I have all state also. but their insurance is based on uber at $1000 and Lyft at $2500 if uber goes up so will our policies.


----------



## NicFit (Jan 18, 2020)

islanddriver said:


> I have all state also. but their insurance is based on uber at $1000 and Lyft at $2500 if uber goes up so will our policies.


Since Lyft is already at $2500 do you really think they'll raise the rates?


----------



## islanddriver (Apr 6, 2018)

NicFit said:


> Since Lyft is already at $2500 do you really think they'll raise the rates?


Yes to $2000. It would say them a lot of money on insurance and cost us more.


----------



## NicFit (Jan 18, 2020)

islanddriver said:


> Yes to $2000. It would say them a lot of money on insurance and cost us more.


I just don't see it affecting our Allstate rideshare by anything, they don't ask what rideshare company we drive for so they go by the assumption that it could cost them $2500 but even if it did change it can't be much, I pay $15 every 6 months and since I already pay for the $500 deductible they just don't adjust anything else


----------



## islanddriver (Apr 6, 2018)

NicFit said:


> I just don't see it affecting our Allstate rideshare by anything, they don't ask what rideshare company we drive for so they go by the assumption that it could cost them $2500 but even if it did change it can't be much, I pay $15 every 6 months and since I already pay for the $500 deductible they just don't adjust anything else


$15 every 6 months is great.

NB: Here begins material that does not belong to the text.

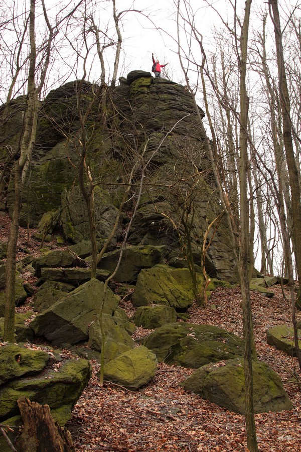 Z kaňonu sme sa po pármetrovom klesaní dostali k hrobom dvoch českých vojakov. Odtiaľ už pomedzi stromy vykukoval náprotivný čadičový vrchol Kis Szilvás-kő (615 mnm). Výhľad z neho nie je žiadny, no aj tu sme objavili skalné bludiská, diery a pukliny.
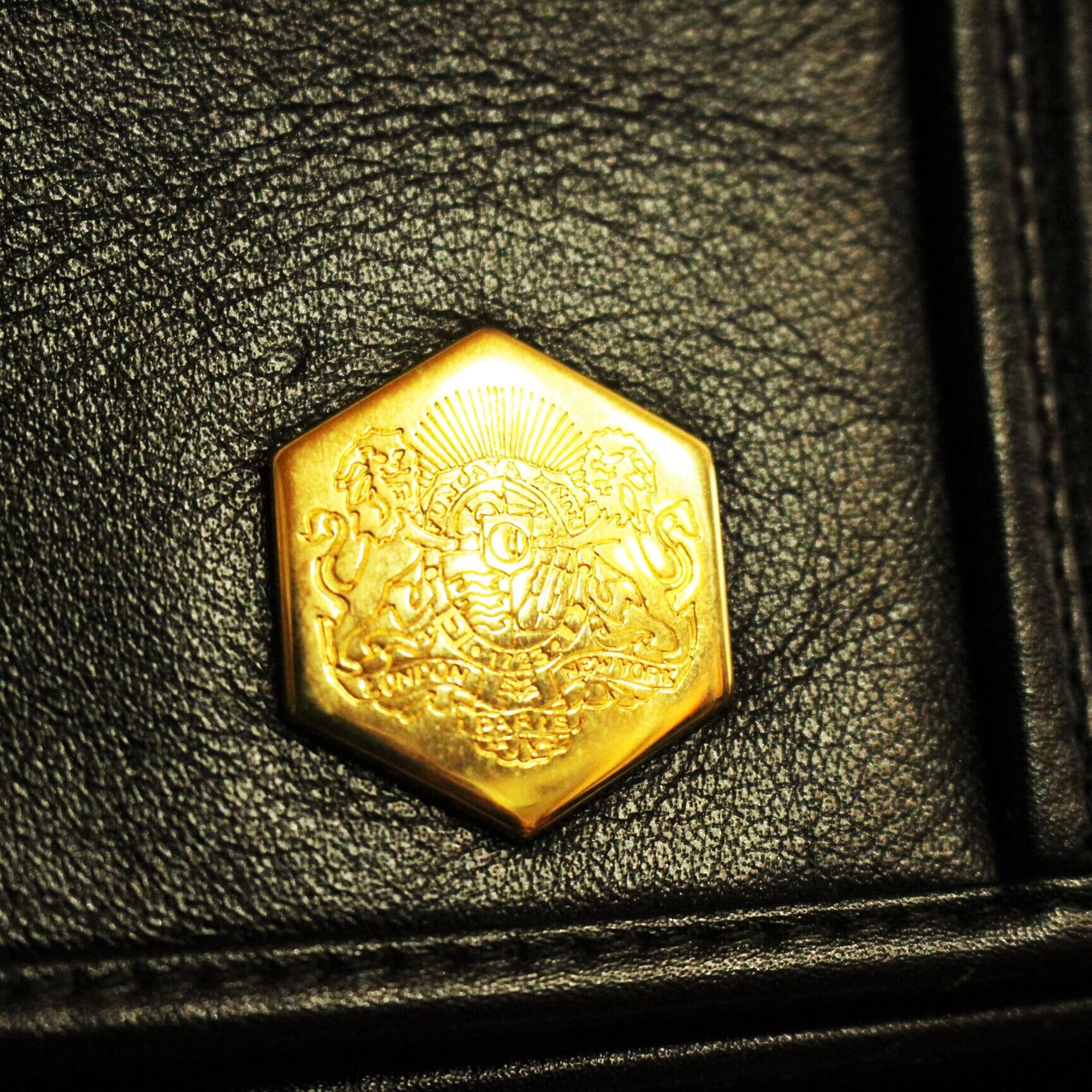 GoldとBlackのコントラストが美しく、本革も裏地も傷なくとてもきれいな状態です。

Here it's $35 per month


----------



## NicFit (Jan 18, 2020)

islanddriver said:


> $15 every 6 months is great. Here it's $35 per month


Different states have different rules, I think you have to pay more because you have a borderline commercial insurance, my is regular insurance with a clause that I can do rideshare. I think your insurance has to cover a lot more then mine does so it's higher, though it stands to be unchanged by the deductible changing slightly because you don't say who your driving for but just that your driving for someone. If they start asking who then there could be a change, if not then as long as both don't raise above $2500 then you shouldn't see a change in your insurance


----------